The complex regulatory framework necessitates robust quality management systems and a deep understanding of international pharmaceutical standards for all participants in the ICATIBANT ACETATE supply chain.

What are the Key Challenges and Risks in the ICATIBANT ACETATE Supply Chain?

The specialized nature of peptide manufacturing and the global reach of the supply chain present several inherent challenges and risks.

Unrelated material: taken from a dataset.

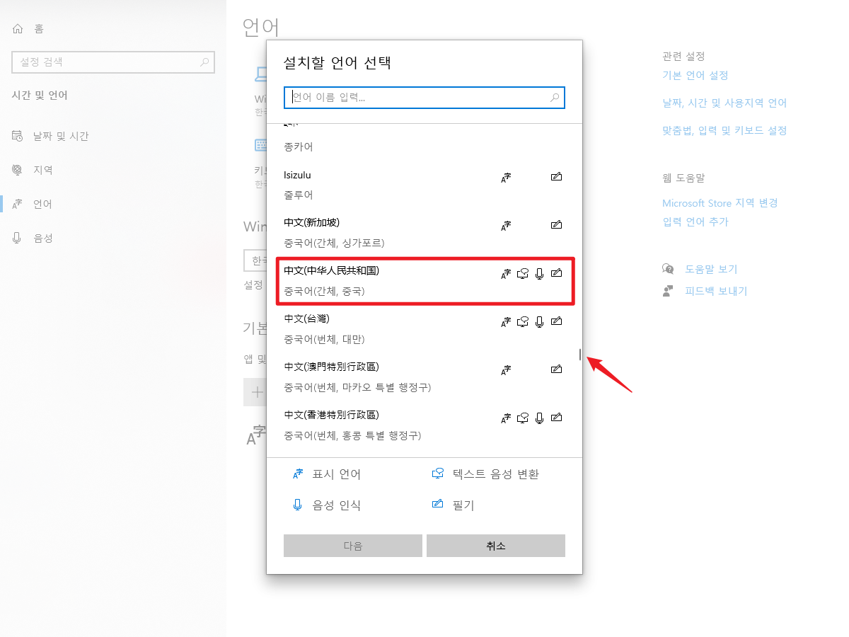 'ㅇ' 이 엄청 많으니까 마우스 휠로 고집부리지 말고 화살표 표시한 스크롤바에 커서 대면 스크롤바가 두껍게 잘 나타나거든요. 위 빨간색 네모표시한 '중국어(간체,중국) 까지 쭉 내려서 선택하고 아래 다음 버튼 클릭!

• Supply Chain Concentration: The limited number of specialized API manufacturers for complex peptides like ICATIBANT ACETATE creates a risk of supply disruption. A single point of failure at a major supplier could have widespread consequences.
• Raw Material Volatility: The availability and pricing of highly specific protected amino acids and reagents can be subject to market fluctuations, geopolitical events, and production issues at upstream chemical suppliers.
• Quality Control and Compliance: Maintaining consistent, high-quality production across multiple manufacturing sites and contract manufacturers requires rigorous quality assurance. Deviations from GMP can lead to product recalls and regulatory action.
• Intellectual Property and Patent Expiry: While patents provide market exclusivity, their expiry opens the door for generic competition. This can impact pricing and the overall market dynamics for ICATIBANT ACETATE. Understanding patent landscapes is crucial for long-term supply strategy.
• Geopolitical and Environmental Factors: Global supply chains are susceptible to disruptions from political instability, trade disputes, natural disasters, and pandemics, all of which can impact manufacturing, logistics, and raw material sourcing.
• Lead Times: Peptide synthesis is often a lengthy process. Extended lead times for API production and subsequent drug product manufacturing can impact inventory management and market responsiveness.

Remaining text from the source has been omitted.